| WORK INSTRUCTIONS |
Set down each line of the data below exactly as it stands, dropping the pictures.

Start of RECORDED DATA

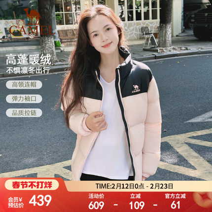 火炉骆驼羽绒服女新款秋冬季加绒保暖防泼水连帽运动外套面包服男
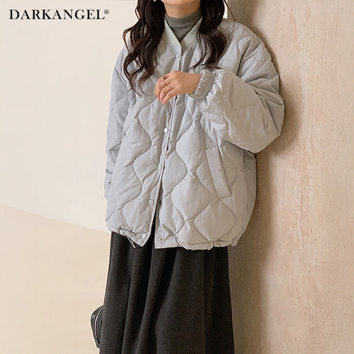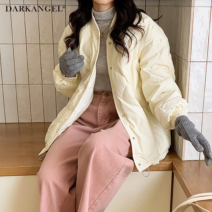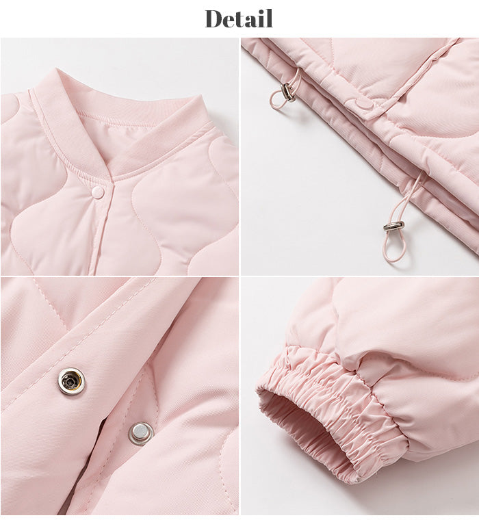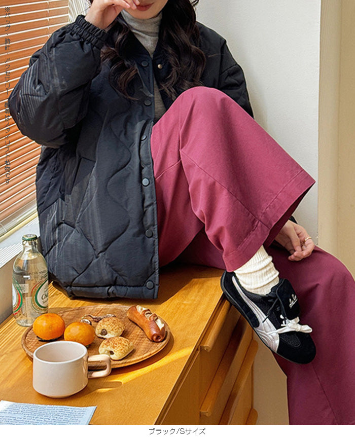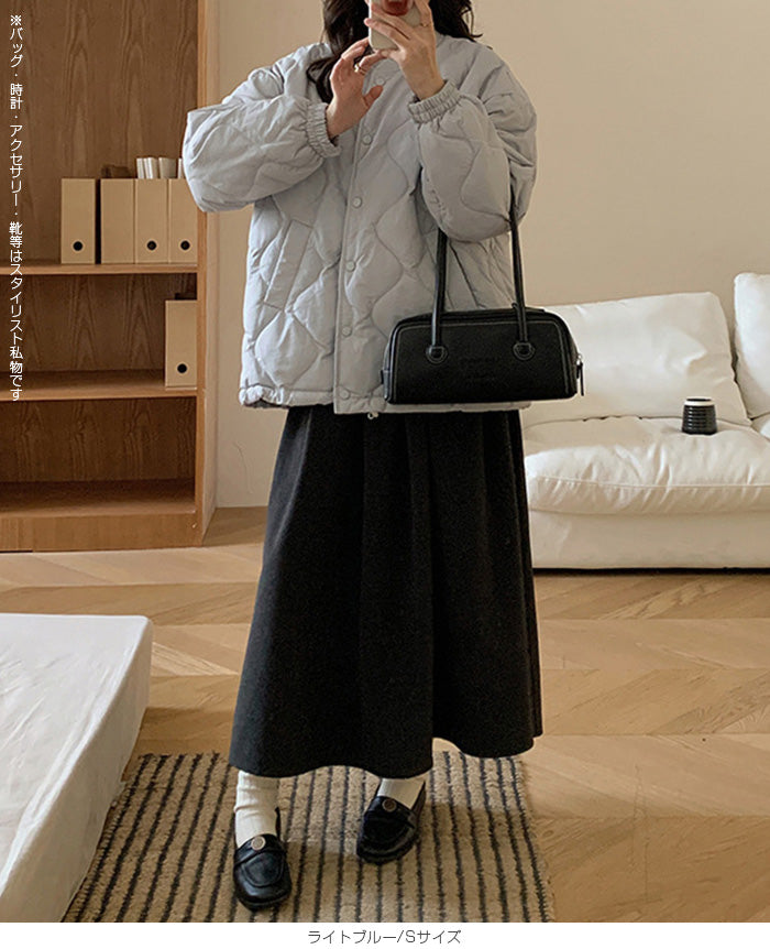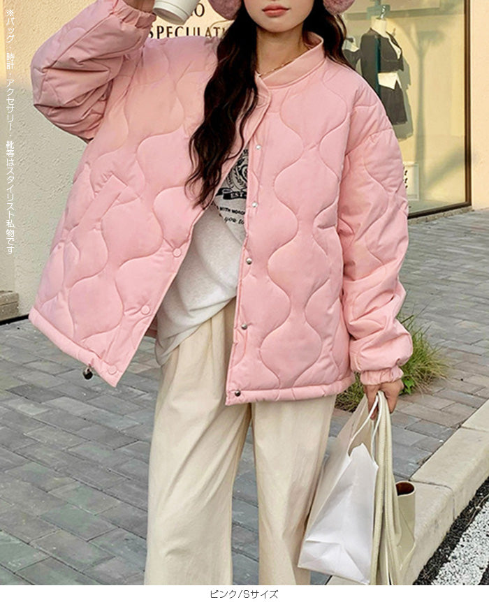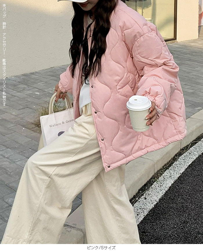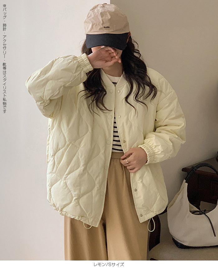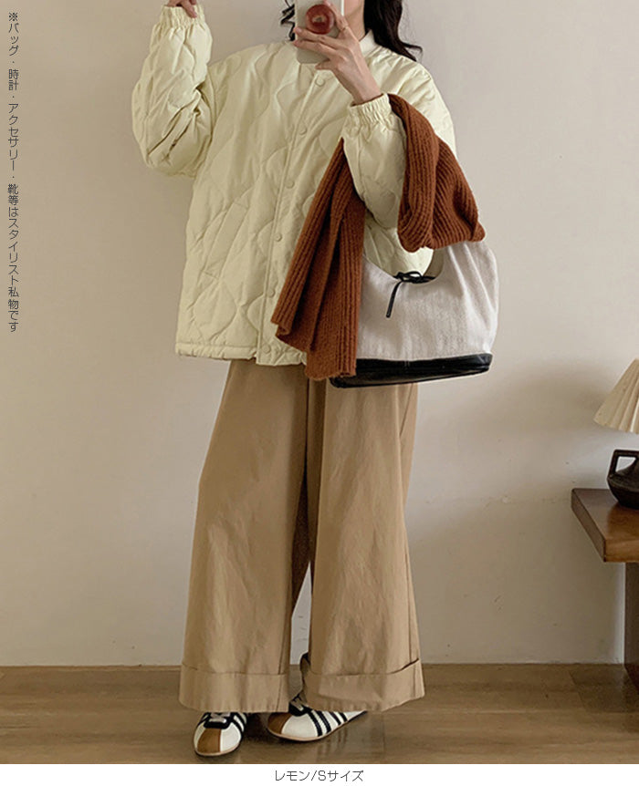 【ドロストノーカラーキルティングジャケット】 防寒とおしゃれを両立できる、ドロスト付きノーカラーキルティングジャケット。 裾のドロストと袖口ゴムで風を通しにくく、マフラーやフードと合わせてもバランスが取りやすいすっきりノーカラーデザイン。 ゆったりめのシルエットで着心地も快適。 パンツにもスカートにも合わせやすく、幅広いテイストにマッチする1枚です。 《商品ポイント》 ・裾ドロストで防寒&シルエット調整が可能 ・ノーカラーでマフラーやタートルネックとも相性◎ ・袖口ゴムで冷気の侵入をブロック ・前開きはスナップボタンで脱ぎ着しやすい ・カジュアル〜甘めまでコーデを選ばない万能デザイン 《デザイン・シルエット》 ・体を包むようなゆったりとしたサイジングで腰回りまでしっかり防寒 ・丸みのあるコクーン風シルエットがやさしい印象に ・裾のドローストリングを絞るとシルエットの変化も楽しめる ・大人可愛い印象のキルティングステッチ 《コーディネート提案》 ・フレアスカートでガーリーに、デニムやジョガーパンツでカジュアルに ・首元がすっきりしているためマフラーやフード付きトップスも合わせやすい ・ミニボトム×ロングソックスと合わせて韓国っぽコーデにも 《サイズ・カラーバリエーション》 ・サイズ展開:S / M / L / XL ・カラー展開:ブラック / アイボリー / ピンク / ライトブルー / レモン / ラベンダー 《素材・機能性》 ・表地:ポリエステル100% ・裏地:あり ・生地の厚さ:厚め ・硬さ:ややハリあり ・透け感:なし ・伸縮性:なし ・保温性:高く、防寒アウターとして活躍 |
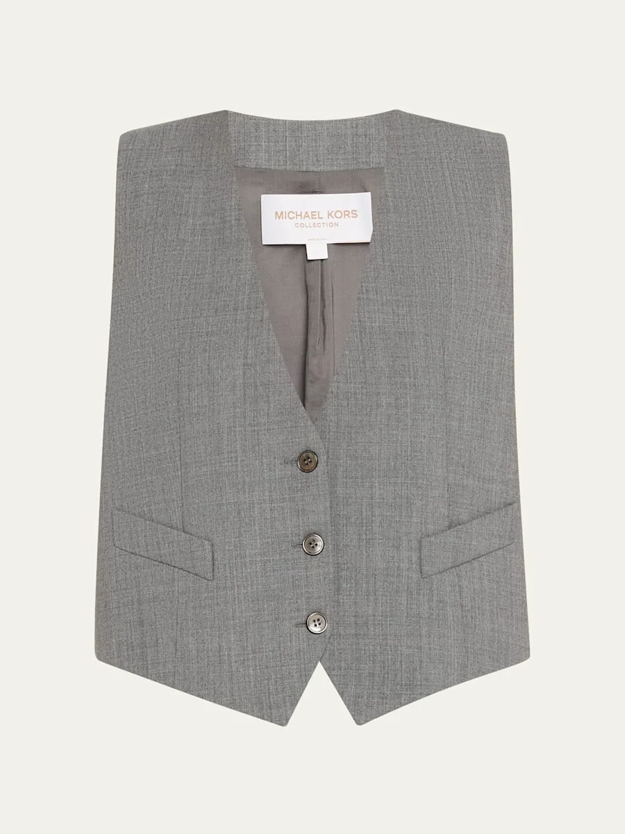 Single-Breasted Wool-Stretch Crop Vest
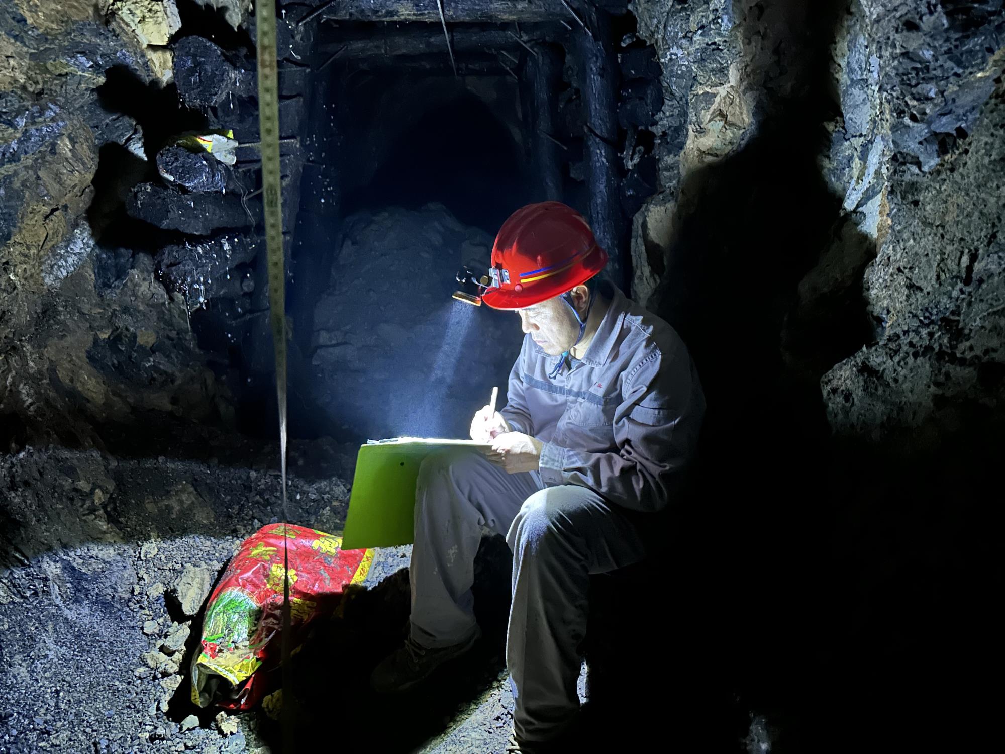 當(dāng)寨子溝礦區(qū)樣品送檢后,坑道成了我的另一個(gè)課堂。師父教我測(cè)量各類產(chǎn)狀,教我展點(diǎn)和產(chǎn)狀,教我如何勾畫地質(zhì)界線……水珠從坑道頂板滴落,在礦燈光束里拉出銀線。師父的筆尖在巖壁上游走如活物,筆尖順層理滑動(dòng),在圖紙上旋出流暢的曲線?;璋倒饩€下,那墨線竟有了生命般微微搏動(dòng)——巖石的密碼被解開一道縫隙,礦脈的暖流正滲出石壁。地質(zhì)錘叩擊巖壁的顫音未散,巖石紋層間簌簌剝落的碎屑里,恍有古河道裹挾風(fēng)沙的呼嘯掠過(guò)指腹。

End of RECORDED DATA

| OUTPUT |
 火炉骆驼羽绒服女新款秋冬季加绒保暖防泼水连帽运动外套面包服男
 【ドロストノーカラーキルティングジャケット】 防寒とおしゃれを両立できる、ドロスト付きノーカラーキルティングジャケット。 裾のドロストと袖口ゴムで風を通しにくく、マフラーやフードと合わせてもバランスが取りやすいすっきりノーカラーデザイン。 ゆったりめのシルエットで着心地も快適。 パンツにもスカートにも合わせやすく、幅広いテイストにマッチする1枚です。 《商品ポイント》 ・裾ドロストで防寒&シルエット調整が可能 ・ノーカラーでマフラーやタートルネックとも相性◎ ・袖口ゴムで冷気の侵入をブロック ・前開きはスナップボタンで脱ぎ着しやすい ・カジュアル〜甘めまでコーデを選ばない万能デザイン 《デザイン・シルエット》 ・体を包むようなゆったりとしたサイジングで腰回りまでしっかり防寒 ・丸みのあるコクーン風シルエットがやさしい印象に ・裾のドローストリングを絞るとシルエットの変化も楽しめる ・大人可愛い印象のキルティングステッチ 《コーディネート提案》 ・フレアスカートでガーリーに、デニムやジョガーパンツでカジュアルに ・首元がすっきりしているためマフラーやフード付きトップスも合わせやすい ・ミニボトム×ロングソックスと合わせて韓国っぽコーデにも 《サイズ・カラーバリエーション》 ・サイズ展開:S / M / L / XL ・カラー展開:ブラック / アイボリー / ピンク / ライトブルー / レモン / ラベンダー 《素材・機能性》 ・表地:ポリエステル100% ・裏地:あり ・生地の厚さ:厚め ・硬さ:ややハリあり ・透け感:なし ・伸縮性:なし ・保温性:高く、防寒アウターとして活躍 |
 Single-Breasted Wool-Stretch Crop Vest
 當(dāng)寨子溝礦區(qū)樣品送檢后,坑道成了我的另一個(gè)課堂。師父教我測(cè)量各類產(chǎn)狀,教我展點(diǎn)和產(chǎn)狀,教我如何勾畫地質(zhì)界線……水珠從坑道頂板滴落,在礦燈光束里拉出銀線。師父的筆尖在巖壁上游走如活物,筆尖順層理滑動(dòng),在圖紙上旋出流暢的曲線?;璋倒饩€下,那墨線竟有了生命般微微搏動(dòng)——巖石的密碼被解開一道縫隙,礦脈的暖流正滲出石壁。地質(zhì)錘叩擊巖壁的顫音未散,巖石紋層間簌簌剝落的碎屑里,恍有古河道裹挾風(fēng)沙的呼嘯掠過(guò)指腹。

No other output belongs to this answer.